Maybe it was "master recruiter" Stephen Wells, who was early in his journey at the club, back when he was just "recruiter" Stephen Wells. Or maybe it was coach Gary Ayres, who had a habit of making unfashionable decisions at a club that had for so long relied on fashionable players.
Whoever it was, they decided that Tom Harley was worth a punt. They gave Port Adelaide pick 37, Port Adelaide gave them Harley, and in an odd reminder of what he was worth to them, the Cats gave Harley the number 37 guernsey.
He would debut for the Cats — as he did for the Power — in a round 14 game that had little bearing on the season. A Geelong team in the midst of its burgeoning irrelevance, an Adelaide team on the way down the ladder after two premierships.
Three kicks. No goals.
The next week he'd get the ball nine times.
By game three, he'd found the Sherrin on 13 occasions.
Carefully and gradually, he built on his trade.
By 2000, and under new coach Mark Thompson, Harley had turned himself into a key defender whose magnet remained permanently attached to the centre half-back position on the white board.
Slow, but clever, undersized, but strong. He was a reader of the game, a watcher who only inserted himself into the story when it absolutely demanded it.
There was nothing glamorous about him. Geelong didn't need more glamour. The new kids on the list — Gary Ablett Jr, Steve Johnson, Jimmy Bartel — they had enough glitz to make Moorabool St feel like Sunset Boulevard.
But Harley was different to the old Geelong. That Geelong cherished style above substance. That Geelong could make the Grand Final in a glorious halo of after-the-siren heroics but fall apart when it mattered.

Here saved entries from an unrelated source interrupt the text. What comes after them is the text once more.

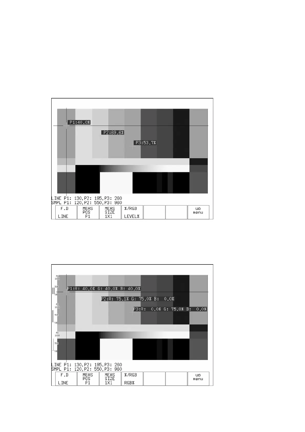 In the percentage and RGB display, you can display luminance levels as level percentages,
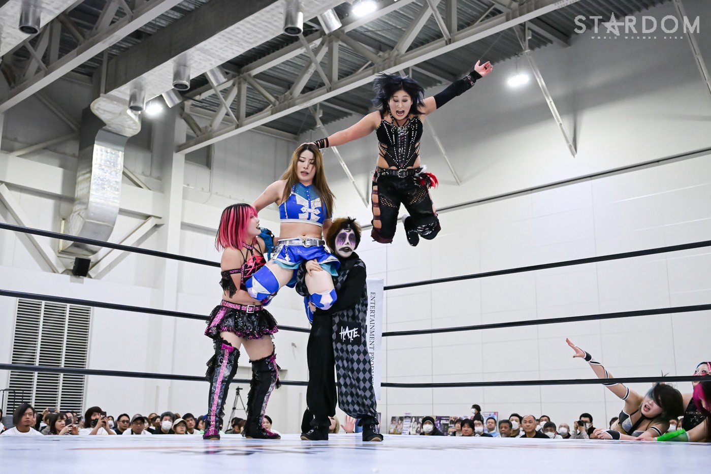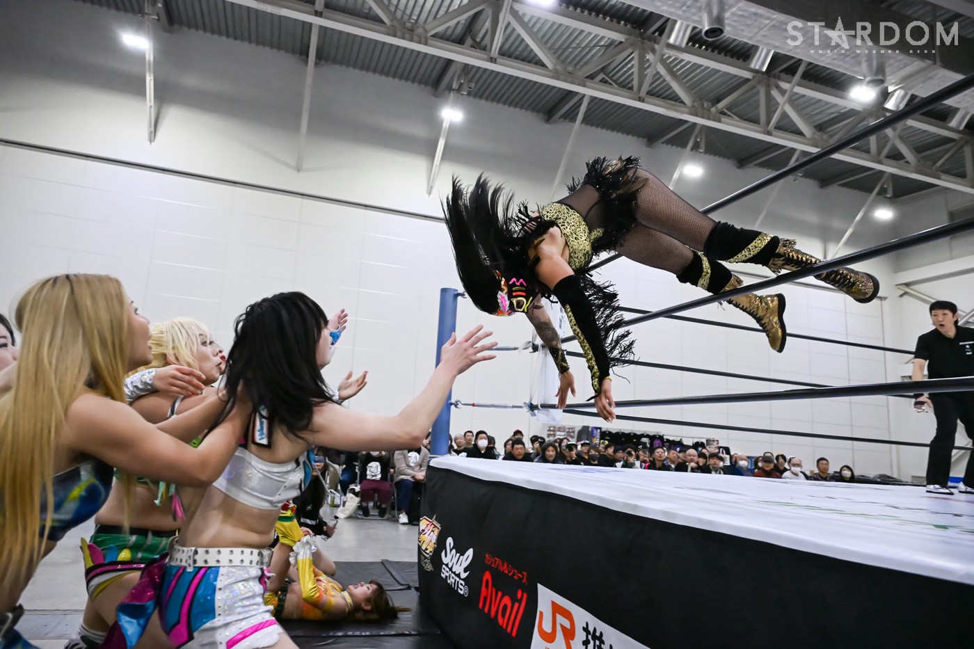 また、第3試合ではメキシコCMLLから来日しているインディア・シウクスとタバタが葉月と合体。6人タッグマッチで水森由菜&さくらあや&金屋あんねと対戦した。
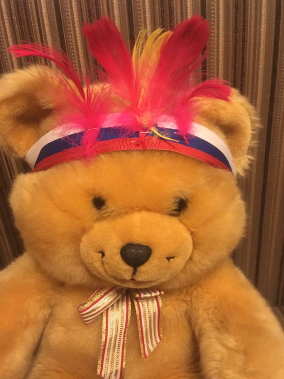 Мы сели вокруг костра. Я была вождем. Посадили наших гостей (кошку и медведя, это любимые игрушки Вани и Тимы, они с ними спят). И дали им трубку мира. Курили короче))

Harley was the in-betweener who had the respect of the players around him as a more-than-reliable general in the backline, and the respect of the administrators as a well-spoken, intelligent footballer who was fast learning what the business of footy was all about.
That every man persona was part of the reason Thompson made him captain in 2007, the year Geelong broke its 44-year premiership drought.
Ask any Geelong supporter and they'll mention a few names as being the key architects in turning the club around.
Wells as recruiter will certainly be there. Thompson as coach deserves more plaudits than most. President Frank Costa and chief executive Brian Cook will always get a nod.
When they talk about players, they'll mention Ablett and Bartel, Brad Ottens in the ruck, Matthew Scarlett at full-back. But a special mention will be left for Harley.
That yes, he was the leader of an exceptional backline on the field. But it was what he did off it that was key.
He understood that kicking the ball was one small part of a successful club.
Having retired at the end of 2009, once again lifting the premiership cup to the Geelong faithful, Harley dabbled in media, he worked at the AIS-AFL Academy, and he played in role in the establishment of the GWS Giants.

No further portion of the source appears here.